■ **Records for processing**:
BEGIN

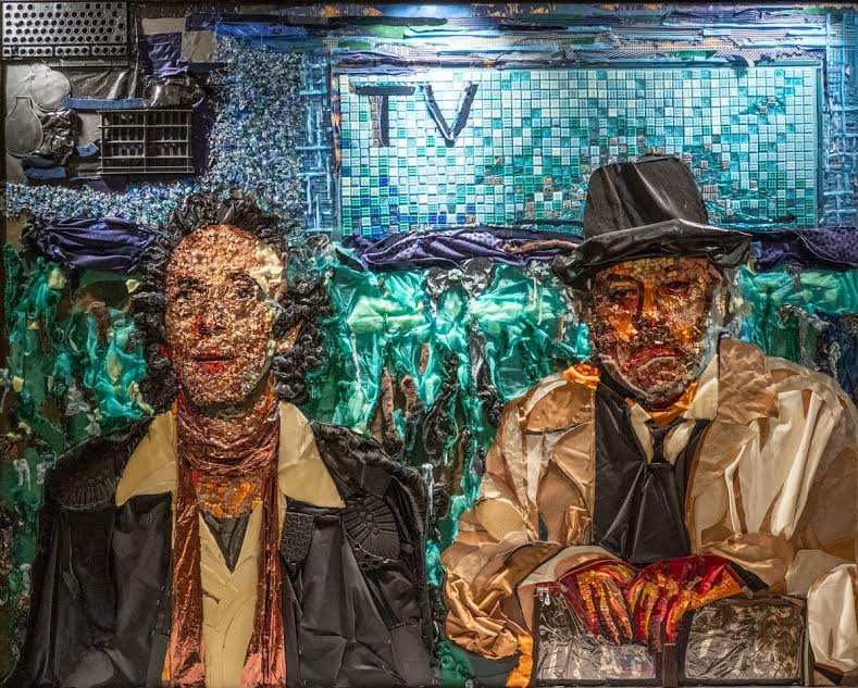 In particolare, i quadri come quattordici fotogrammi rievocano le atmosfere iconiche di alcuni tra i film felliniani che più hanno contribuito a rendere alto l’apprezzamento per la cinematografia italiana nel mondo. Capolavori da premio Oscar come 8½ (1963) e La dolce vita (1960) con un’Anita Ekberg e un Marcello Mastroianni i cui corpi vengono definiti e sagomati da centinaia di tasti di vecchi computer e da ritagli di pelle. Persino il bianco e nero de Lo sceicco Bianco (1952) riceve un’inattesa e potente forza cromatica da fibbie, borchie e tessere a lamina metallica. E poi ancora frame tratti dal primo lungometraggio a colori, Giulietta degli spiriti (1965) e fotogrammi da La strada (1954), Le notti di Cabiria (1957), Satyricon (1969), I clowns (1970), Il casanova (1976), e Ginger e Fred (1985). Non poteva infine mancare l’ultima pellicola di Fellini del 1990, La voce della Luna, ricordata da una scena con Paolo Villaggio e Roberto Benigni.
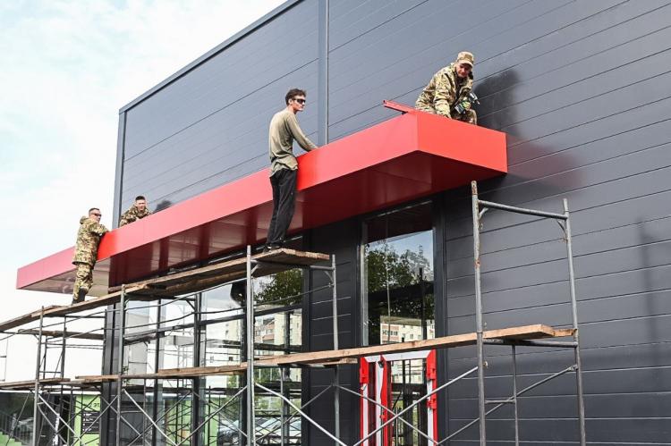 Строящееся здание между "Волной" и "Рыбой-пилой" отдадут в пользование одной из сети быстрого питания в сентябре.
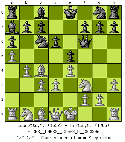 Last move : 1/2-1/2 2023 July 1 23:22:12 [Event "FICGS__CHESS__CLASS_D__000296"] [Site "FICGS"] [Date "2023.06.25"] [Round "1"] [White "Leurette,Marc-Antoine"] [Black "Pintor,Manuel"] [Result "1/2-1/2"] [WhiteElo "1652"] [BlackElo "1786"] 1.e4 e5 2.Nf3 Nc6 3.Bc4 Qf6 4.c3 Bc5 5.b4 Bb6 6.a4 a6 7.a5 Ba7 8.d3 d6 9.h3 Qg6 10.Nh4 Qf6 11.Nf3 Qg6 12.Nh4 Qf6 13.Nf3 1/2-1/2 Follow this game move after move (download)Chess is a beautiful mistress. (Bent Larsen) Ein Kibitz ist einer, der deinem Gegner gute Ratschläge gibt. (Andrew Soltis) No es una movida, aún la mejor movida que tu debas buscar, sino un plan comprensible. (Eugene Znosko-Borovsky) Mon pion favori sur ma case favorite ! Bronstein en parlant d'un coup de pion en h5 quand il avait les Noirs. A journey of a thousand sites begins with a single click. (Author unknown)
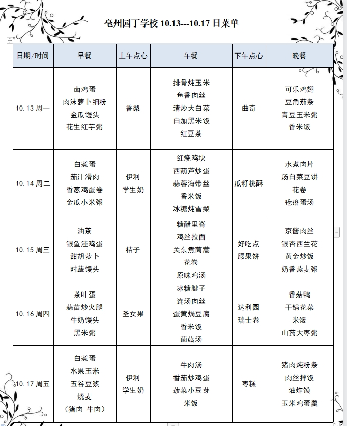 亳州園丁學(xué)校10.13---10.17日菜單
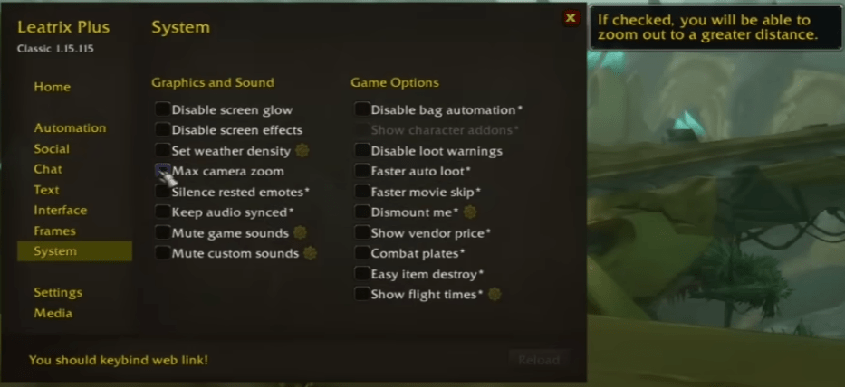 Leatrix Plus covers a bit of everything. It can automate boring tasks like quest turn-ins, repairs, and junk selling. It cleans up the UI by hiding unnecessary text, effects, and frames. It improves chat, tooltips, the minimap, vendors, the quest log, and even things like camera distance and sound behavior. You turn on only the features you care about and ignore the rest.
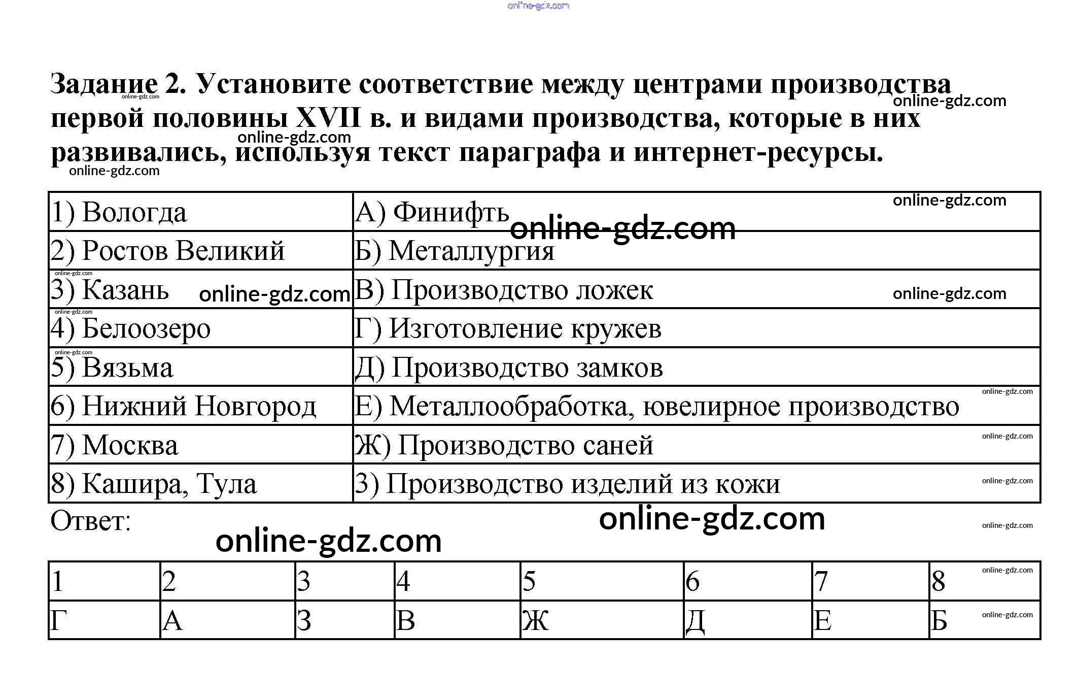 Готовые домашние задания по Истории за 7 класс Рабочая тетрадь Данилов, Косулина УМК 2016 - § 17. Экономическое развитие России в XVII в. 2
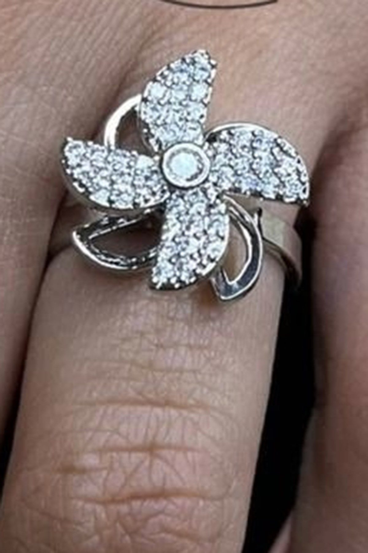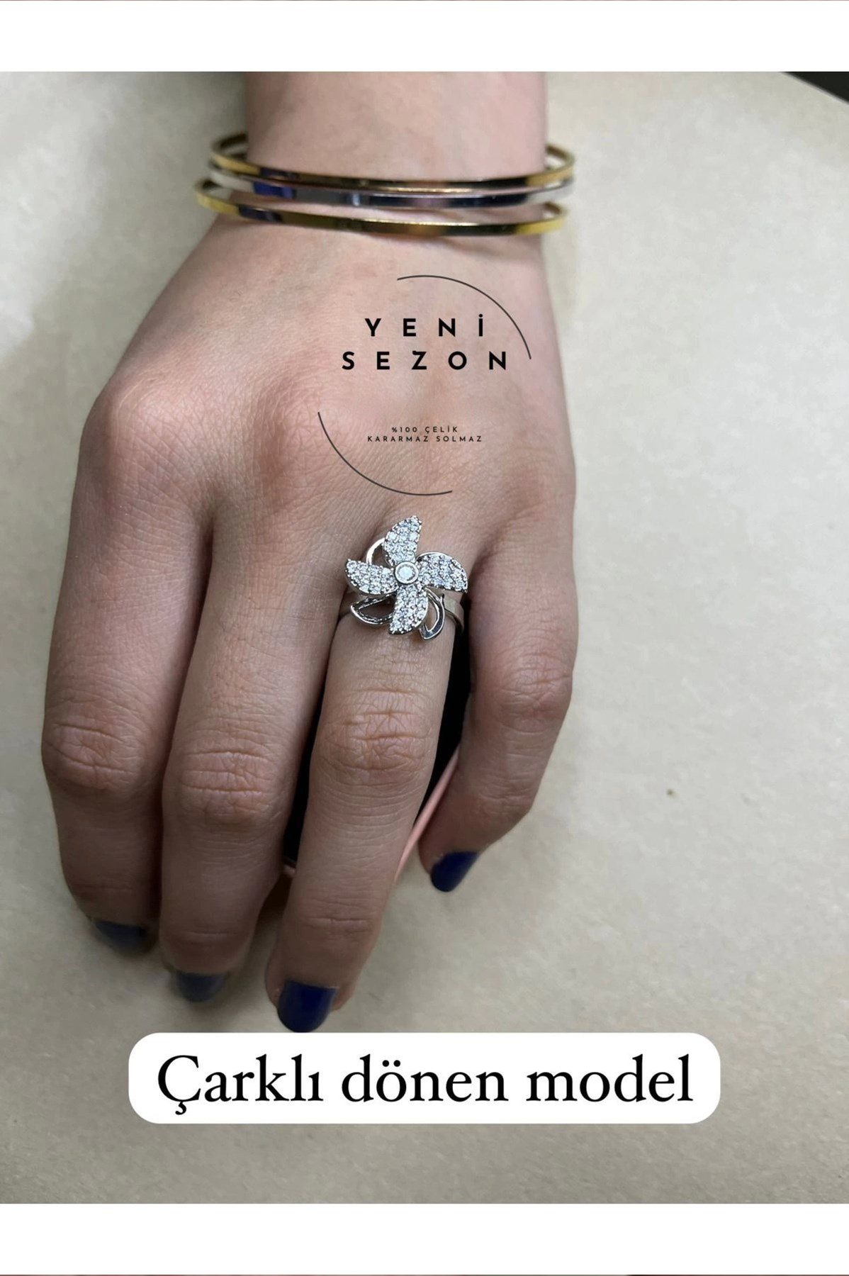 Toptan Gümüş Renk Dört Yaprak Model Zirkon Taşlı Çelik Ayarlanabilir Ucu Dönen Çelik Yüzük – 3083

END
BEGIN

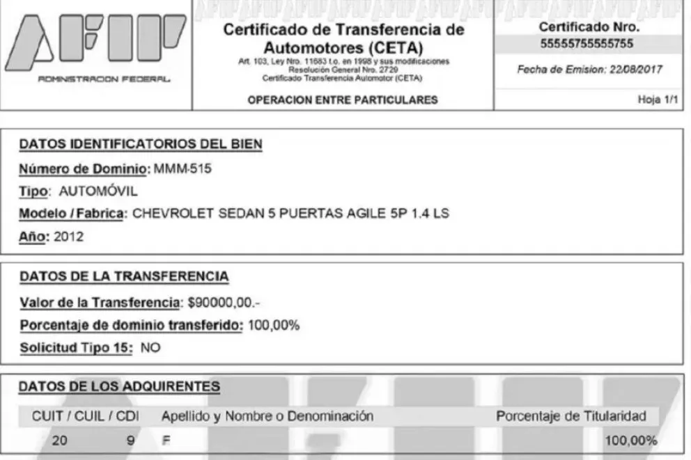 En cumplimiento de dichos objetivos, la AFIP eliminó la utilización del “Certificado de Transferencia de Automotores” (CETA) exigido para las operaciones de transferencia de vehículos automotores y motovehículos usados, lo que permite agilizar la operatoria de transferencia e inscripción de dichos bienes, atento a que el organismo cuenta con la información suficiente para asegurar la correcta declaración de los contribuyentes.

END

■ **Instructions for the task**:
Return the lines above from the one with "In particolare, i" through the one with "亳州園丁學(xué)校10.13---10.17日菜單", verbatim and nothing else. Omit every picture.

■ **Written response**:
 In particolare, i quadri come quattordici fotogrammi rievocano le atmosfere iconiche di alcuni tra i film felliniani che più hanno contribuito a rendere alto l’apprezzamento per la cinematografia italiana nel mondo. Capolavori da premio Oscar come 8½ (1963) e La dolce vita (1960) con un’Anita Ekberg e un Marcello Mastroianni i cui corpi vengono definiti e sagomati da centinaia di tasti di vecchi computer e da ritagli di pelle. Persino il bianco e nero de Lo sceicco Bianco (1952) riceve un’inattesa e potente forza cromatica da fibbie, borchie e tessere a lamina metallica. E poi ancora frame tratti dal primo lungometraggio a colori, Giulietta degli spiriti (1965) e fotogrammi da La strada (1954), Le notti di Cabiria (1957), Satyricon (1969), I clowns (1970), Il casanova (1976), e Ginger e Fred (1985). Non poteva infine mancare l’ultima pellicola di Fellini del 1990, La voce della Luna, ricordata da una scena con Paolo Villaggio e Roberto Benigni.
 Строящееся здание между "Волной" и "Рыбой-пилой" отдадут в пользование одной из сети быстрого питания в сентябре.
 Last move : 1/2-1/2 2023 July 1 23:22:12 [Event "FICGS__CHESS__CLASS_D__000296"] [Site "FICGS"] [Date "2023.06.25"] [Round "1"] [White "Leurette,Marc-Antoine"] [Black "Pintor,Manuel"] [Result "1/2-1/2"] [WhiteElo "1652"] [BlackElo "1786"] 1.e4 e5 2.Nf3 Nc6 3.Bc4 Qf6 4.c3 Bc5 5.b4 Bb6 6.a4 a6 7.a5 Ba7 8.d3 d6 9.h3 Qg6 10.Nh4 Qf6 11.Nf3 Qg6 12.Nh4 Qf6 13.Nf3 1/2-1/2 Follow this game move after move (download)Chess is a beautiful mistress. (Bent Larsen) Ein Kibitz ist einer, der deinem Gegner gute Ratschläge gibt. (Andrew Soltis) No es una movida, aún la mejor movida que tu debas buscar, sino un plan comprensible. (Eugene Znosko-Borovsky) Mon pion favori sur ma case favorite ! Bronstein en parlant d'un coup de pion en h5 quand il avait les Noirs. A journey of a thousand sites begins with a single click. (Author unknown)
 亳州園丁學(xué)校10.13---10.17日菜單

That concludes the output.